- _Task statement_: Beginning at the line that contains "Salada Brasileira pequena", reproduce the entries below exactly, ending with the line that contains "Transform any space". Omit each picture.

- _Material to process_:

****************

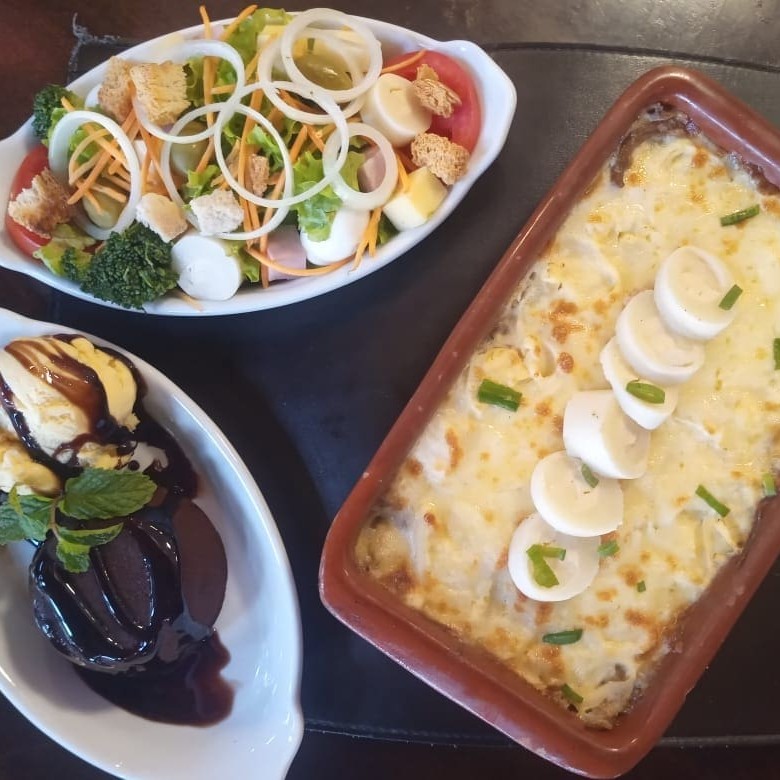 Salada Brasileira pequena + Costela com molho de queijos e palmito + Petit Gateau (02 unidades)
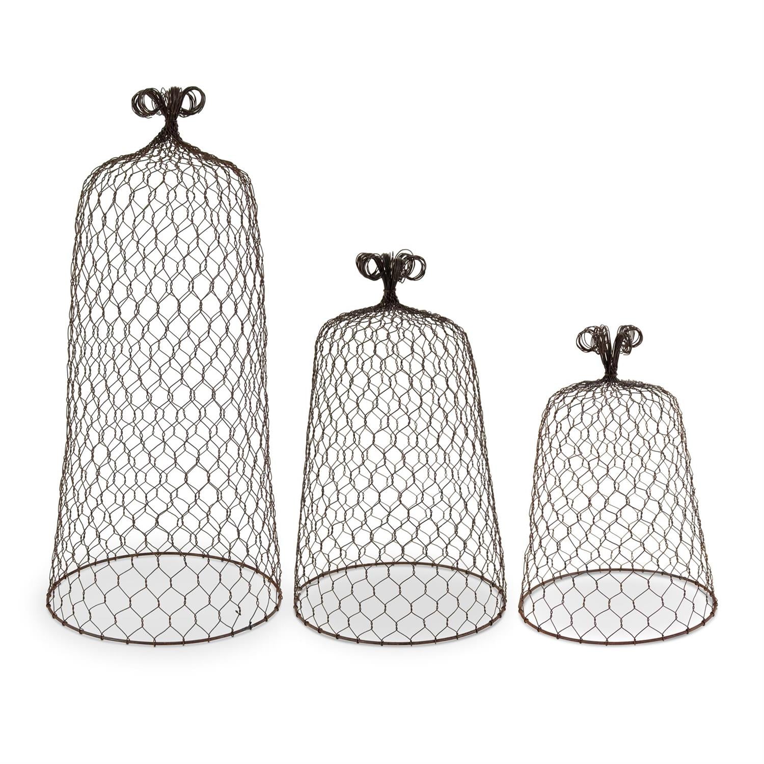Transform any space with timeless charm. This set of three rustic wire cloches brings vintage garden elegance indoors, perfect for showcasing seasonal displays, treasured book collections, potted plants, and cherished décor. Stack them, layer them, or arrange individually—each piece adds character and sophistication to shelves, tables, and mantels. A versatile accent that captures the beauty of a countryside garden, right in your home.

****************

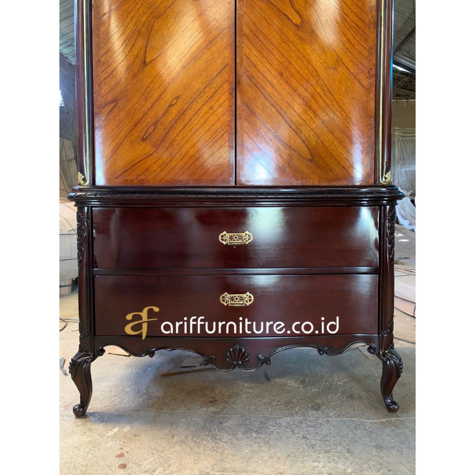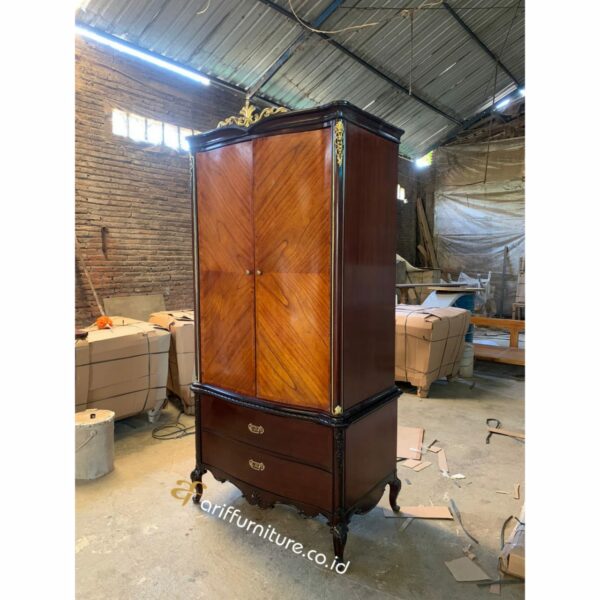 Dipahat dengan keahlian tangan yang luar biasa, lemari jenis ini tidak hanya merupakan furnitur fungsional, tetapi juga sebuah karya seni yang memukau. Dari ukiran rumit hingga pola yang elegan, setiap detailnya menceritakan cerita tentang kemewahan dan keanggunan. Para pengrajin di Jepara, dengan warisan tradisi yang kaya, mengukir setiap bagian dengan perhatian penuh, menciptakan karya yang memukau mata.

****************

- _Exercise output_:
 Salada Brasileira pequena + Costela com molho de queijos e palmito + Petit Gateau (02 unidades)
Transform any space with timeless charm. This set of three rustic wire cloches brings vintage garden elegance indoors, perfect for showcasing seasonal displays, treasured book collections, potted plants, and cherished décor. Stack them, layer them, or arrange individually—each piece adds character and sophistication to shelves, tables, and mantels. A versatile accent that captures the beauty of a countryside garden, right in your home.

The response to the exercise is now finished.